Frente a la vulgata
marxista, los anarquistas tenían claro que de nada valía
transformar la infraestructura esperando que de ella emanase una
superestructura nueva, porque o bien ambas se modifican a la vez,
incluso adelantándose uno, desde lo personal, en su propia
transformación ideológica, o bien las viejas formas de vida, en su
asombrosa consistencia, llegan a neutralizar, socavar y finalmente
dar al traste con las nuevas estructuras conquistadas cuando lo
indiscutible no se pone en duda, es decir, cuando la propiedad
privada se vive y se piensa como natural y cuando el trabajo y la
cultura se viven como esferas escindidas.
Y
es que a la Anarquía se la puede temer por los que la traducen en
caos, falta de autoridad y gobierno, pero también se la puede
mitificar como la situación social donde falta el comienzo (arché),
el principio; donde el mando y la ley han sido desterrados y todo
puede comenzar entonces como posibilidad; donde los materiales
históricos se resisten a una lectura lineal y positiva porque la
ausencia de autoridad impide cualquier relato de poder o, lo que es
lo mismo, hace de cualquier relato un relato con el mismo estatus que
otro, pues ninguna resistencia encuentra para ello ni ninguna
institución impide que suceda tal cosa.

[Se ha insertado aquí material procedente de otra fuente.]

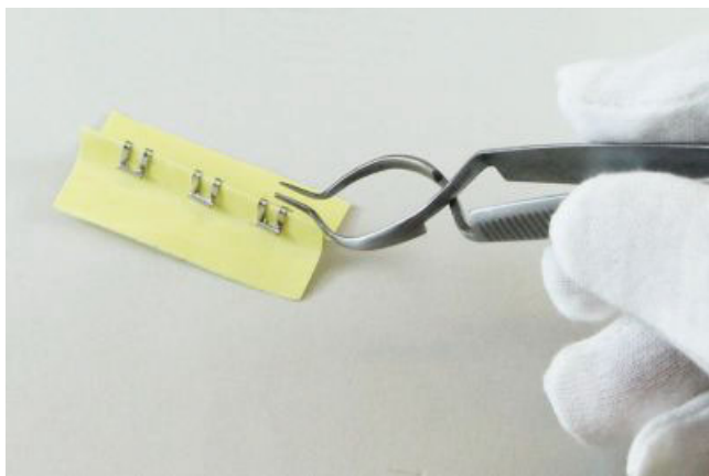
① 縫合クリップの凸部にリムーバー先端部を添わせて下にさげます。
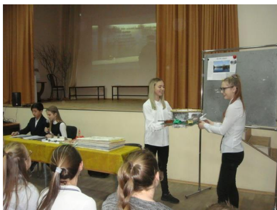
Представление творческого отчёта по Достопримечательностям Ленинградской области учениками 7-в
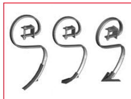
Адаптация к различным видам почв

На легких почвах планка устанавливается с наклоном вперед, в сторону трактора. Таким образом, на ровных полях культиватор испытывает меньшее сопротивление почвы.
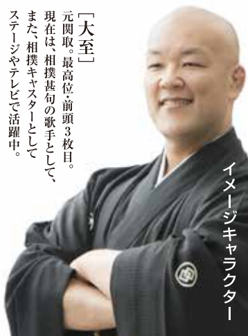
イメージキャラクター

「大至」 元関取。最高位前頭3枚目。 現在は、相撲甚句の歌手として、 また相撲キヤスターとして ステージやテレビで活躍中。
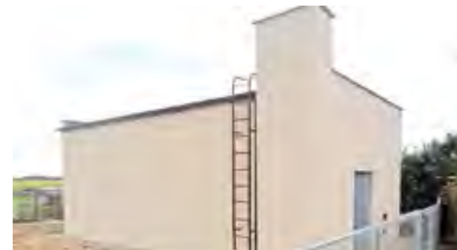
Hydrofornia w Zajączkowie.

Dnia 30.06.2014 dokonano protokolarnego odbioru prac związanych z wykonaniem zadania pn: „Przebudowa hydroforni w Zajączkowie”. Koszt robót budowlanych wyniósł prawie 70 tys. zł. W ramach zadania przeprowadzono kapitalny remont istniejącego obiektu w tym: wykonanie ocieplenia obiektu, izolacji fundamentów, ocieplenia pokrycia dachowego, prace wykończeniowe wewnątrz obiektu, polegające na ułożeniu posadzki, tynkowaniu i malowaniu. Ponadto w ramach zadania wykonano ogrodzenie obiektu.
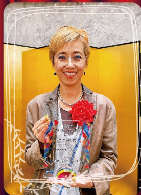
■ユニーク賞 (SDGs活動にユニークな内容又は独自のアイデアで取組む会員)
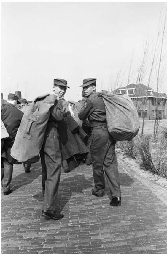
Dienstplichtige jongens ruilden hun spijkerbroek in voor een uniform. Wat is eigenlijk het erfgoed van de dienstplicht?
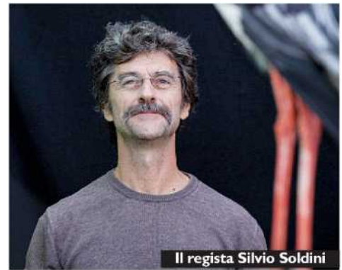
Il regista Silvio Soldini
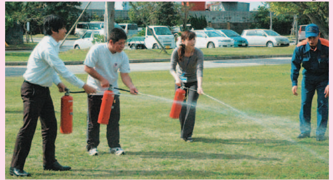
▲消火器を使用するの初期消火訓練

一月九日、町総合保健福祉センターで職員、利用者者を対象とした防災避難訓練が行われました。今回は二階調理室で火災が発生したことを想定に行われ、火災報知機が作動するのを合図に職員が火災現場を確認、初期消火を試みるが断念し、職員及び利用者者を安全な場所まで避難誘導する一連の作業が確認されました。避難後には金武地区消防衛生組合による消火器や消火栓の使用方法の講習が行われ、職員が火災を想定し実践しました。参加した職員は「実際に火災が起きた場合、落ち着いて対応できるように訓練を継続したい。利用者者に安心して利用してもらえぬ環境をつくりたい」と語りました。
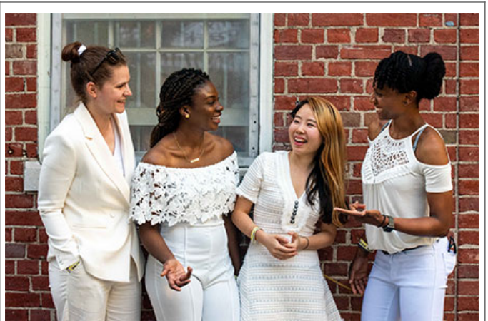
... .. (...: ... ..)
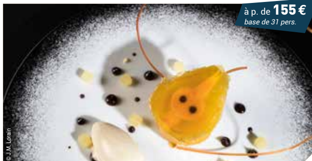
Poire belle hélène
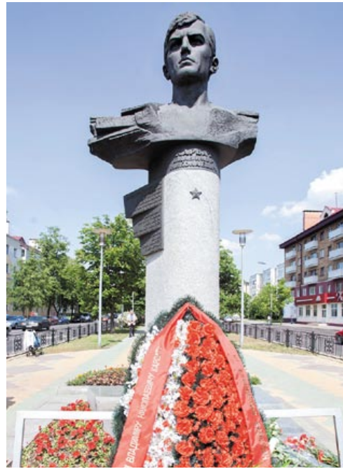
◀ Помнік Герою Беларусі Уладзіміру Карвату ў Брэсце

У 61-й знішчальнай авіяцыйнай базе ўжо шмат гадоў працуе Музей баявой славы імя Героя Беларусі Уладзіміра Карвата. Яго экспазіцыя адлюстроўвае гісторыю і слаўны баявы шлях гэтага вайсковага

Estamos pues ante un orden
superior a cualquier otro, un orden que no tiene que recurrir a la
violencia, la represión, la censura o la opresión porque este orden
tiene que ser descubierto y puesto en práctica por cada individuo de
la única manera que los anarquistas conocen, es decir, viviéndolo
como resultado del rechazo de toda dominación y negando cualquier
modelo de conocimiento preestablecido.